L’artilleur s’arrêta, hésitant, devant la barrière.

— Non, je continue, fit-il.

Plus loin, vers Weybridge, juste à l’entrée du pont, il y avait un certain nombre de soldats en petite tenue élevant une longue barricade devant d’autres canons.

— Ce sont des arcs et des flèches contre le tonnerre, dit l’artilleur. Ils n’ont pas encore vu ce diable de rayon de feu.

Les officiers que leur service ne retenait pas s’étaient groupés et examinaient l’horizon par-dessus les sommets des arbres vers le sud-ouest, et les hommes s’arrêtaient de temps à autre pour regarder dans la même direction.

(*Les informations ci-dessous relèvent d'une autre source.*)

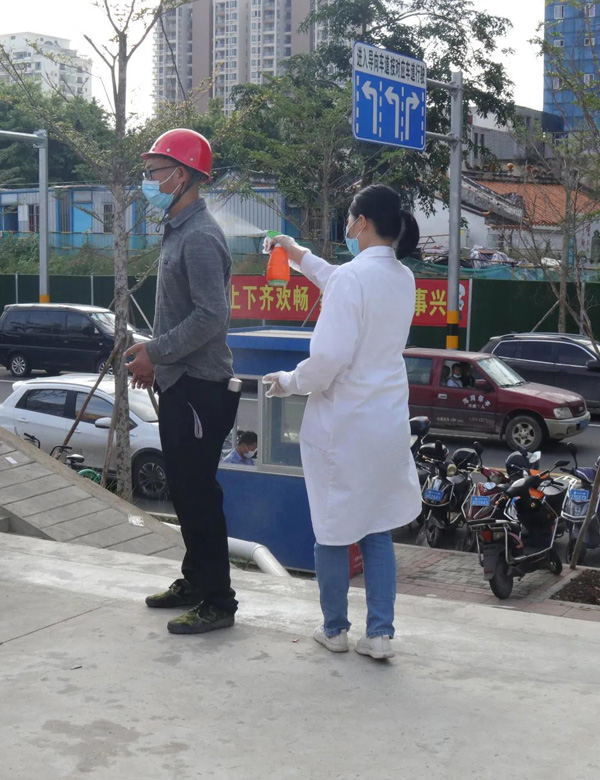 对一线建设者逐一进行消毒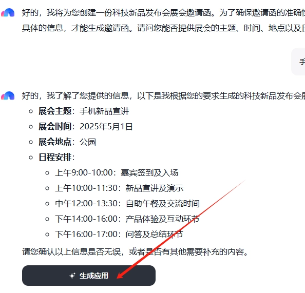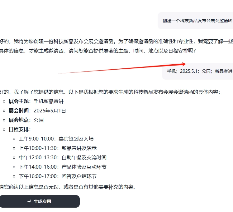 4.输入您的具体需求,例如创建一份科技新品发布会的展会邀请函。

Byfleet était rempli de ce tumulte. Des gens faisaient des paquets et une vingtaine de hussards, quelques-uns à pied, les autres à cheval, les obligeaient à se hâter. Trois ou quatre camions administratifs, un vieil omnibus et beaucoup d’autres véhicules étaient alignés dans la rue du village et on les chargeait de tout ce qui semblait utile ou précieux. Il y avait aussi des gens en grand nombre qui avaient été assez respectueux des coutumes pour revêtir leurs habits du dimanche. Les soldats avaient toutes les peines du monde à leur faire comprendre la gravité de la situation. Nous vîmes un vieux bonhomme ridé, avec une immense malle et plus d’une vingtaine de pots contenant des orchidées, faire de violents reproches au caporal qui ne voulait pas s’en charger. Je m’arrêtai et le saisis par le bras.

— Savez-vous ce qui vient là-bas ? lui dis-je en montrant les bois de sapins qui cachaient la vue des Marsiens.